● **ABOUT THIS EXERCISE**:
Give an exact reproduction of the lines from the one with "Cuadros Gato negro" to the final line of the entries below, both ends included, and omit the pictures.

(Records contained in a dataset)
********

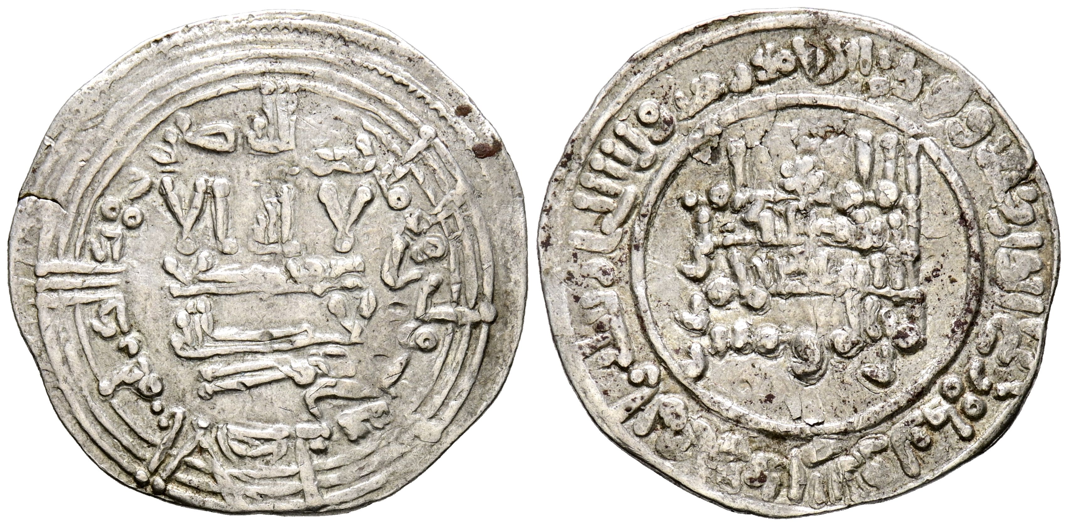 CALIPHATE OF CÓRDOBA. 'Abd al-Rahman III. Dirham. (Ar. 3.25g/24mm). 33(3)H. al-Andalus / الاندلس. (Vives 404; R.Frochoso 2009 333?; Miles 221c). Quoting Muhammad in IA. The piece has an engraving error on the unit, which is reduced to a simple horizontal line. Very Fine. Rare specimen.
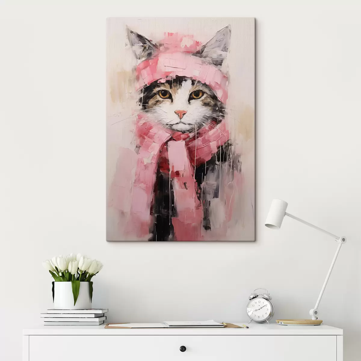 Cuadros Gato negro gris con gorro y bufanda rosa Nr s40801
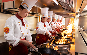 熟练掌握厨房基本技能(刀工、勺工);各式传统菜肴制作;烹饪原料加工、味汁调制;食品雕刻基础训练;菜系专题讲座、老师讲堂;军训;《烹饪工艺》《烹饪概论》。
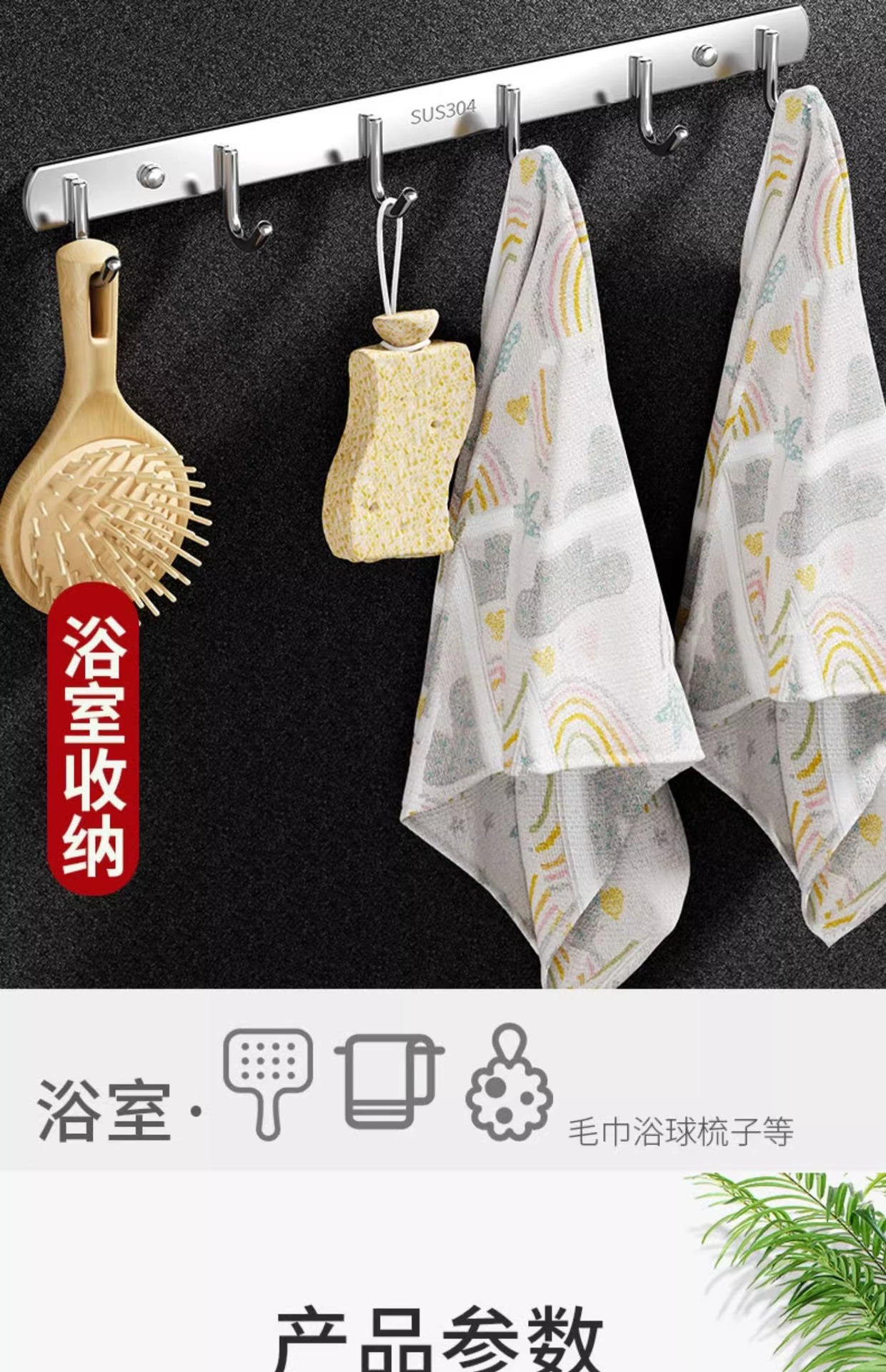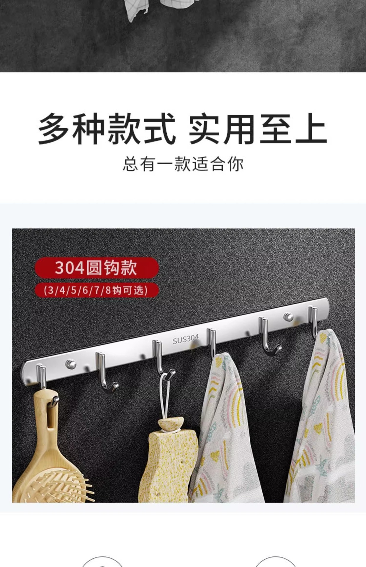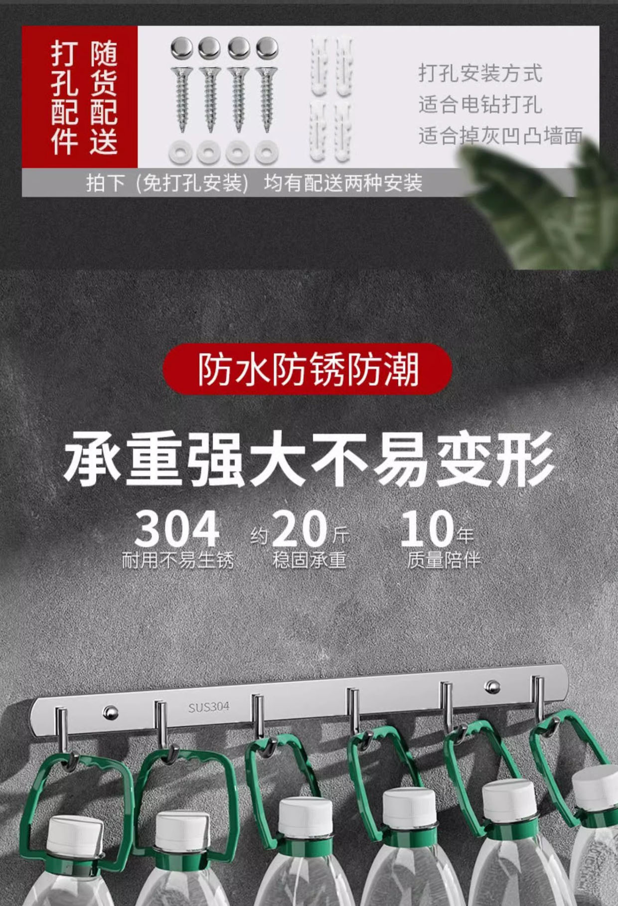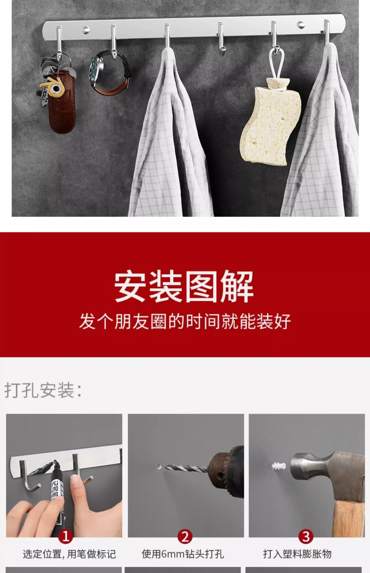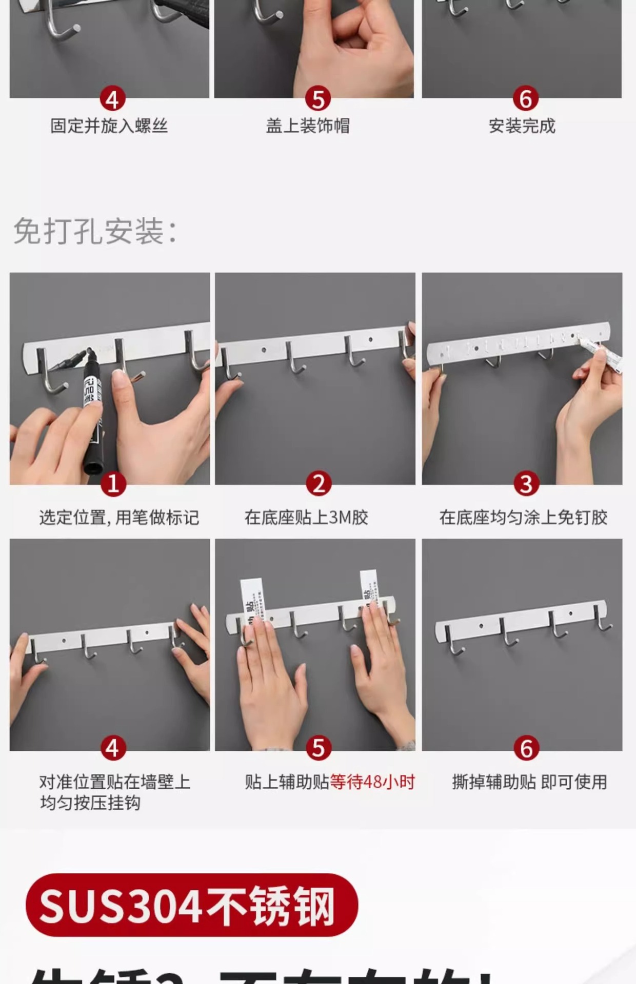 6 hooks-2 pieces (free expansion screws + nail-free glue)
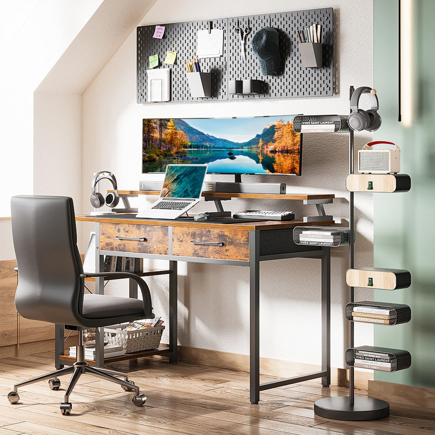 • 【Kleiner Schreibtisch mit Monitorständer】schreibtisch mit regal Der 9,9 cm hohe Monitorständer hebt den Bildschirm an und ermöglicht eine bessere Sicht, reduziert Nacken- und Rückenschmerzen und schafft zusätzlichen Stauraum. Der große Platz für den Monitorständer ermöglicht zwei Computermonitore.
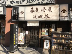 ふたつめは、そば新なきあとに目をつけた、蕎麦屋の「嵯峨谷」。何度か前を通り、石臼挽きという看板が気になっていましたが、入ってみると立ち食いではなく、意外と普通の蕎麦屋。
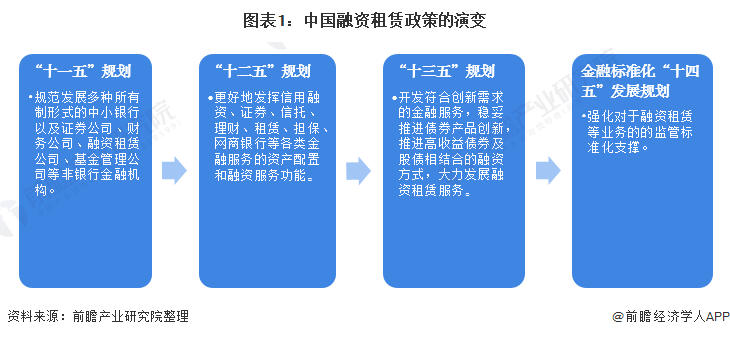 “十一五”时期融资租赁的政策主要强调行业规范发展,“十二五”时期开始关注融资租赁对于支持实体经济的服务能力。经历了前期的发展,中国已经逐渐建立起行业快速发展的环境,于是,“十三五”明确提出大力发展融资租赁业务,到了“十四五”期间行业的监管体系进一步完善,为行业健康发展提供了基础。
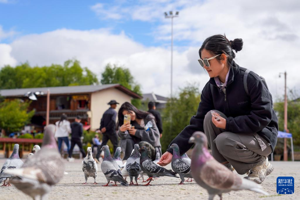 9月27日,游客在獨克宗古城喂鴿子。新華社記者 王靜頤 攝

********

● **SOLUTION TO THIS TASK**:
 Cuadros Gato negro gris con gorro y bufanda rosa Nr s40801
 熟练掌握厨房基本技能(刀工、勺工);各式传统菜肴制作;烹饪原料加工、味汁调制;食品雕刻基础训练;菜系专题讲座、老师讲堂;军训;《烹饪工艺》《烹饪概论》。
 6 hooks-2 pieces (free expansion screws + nail-free glue)
 • 【Kleiner Schreibtisch mit Monitorständer】schreibtisch mit regal Der 9,9 cm hohe Monitorständer hebt den Bildschirm an und ermöglicht eine bessere Sicht, reduziert Nacken- und Rückenschmerzen und schafft zusätzlichen Stauraum. Der große Platz für den Monitorständer ermöglicht zwei Computermonitore.
 ふたつめは、そば新なきあとに目をつけた、蕎麦屋の「嵯峨谷」。何度か前を通り、石臼挽きという看板が気になっていましたが、入ってみると立ち食いではなく、意外と普通の蕎麦屋。
 “十一五”时期融资租赁的政策主要强调行业规范发展,“十二五”时期开始关注融资租赁对于支持实体经济的服务能力。经历了前期的发展,中国已经逐渐建立起行业快速发展的环境,于是,“十三五”明确提出大力发展融资租赁业务,到了“十四五”期间行业的监管体系进一步完善,为行业健康发展提供了基础。
 9月27日,游客在獨克宗古城喂鴿子。新華社記者 王靜頤 攝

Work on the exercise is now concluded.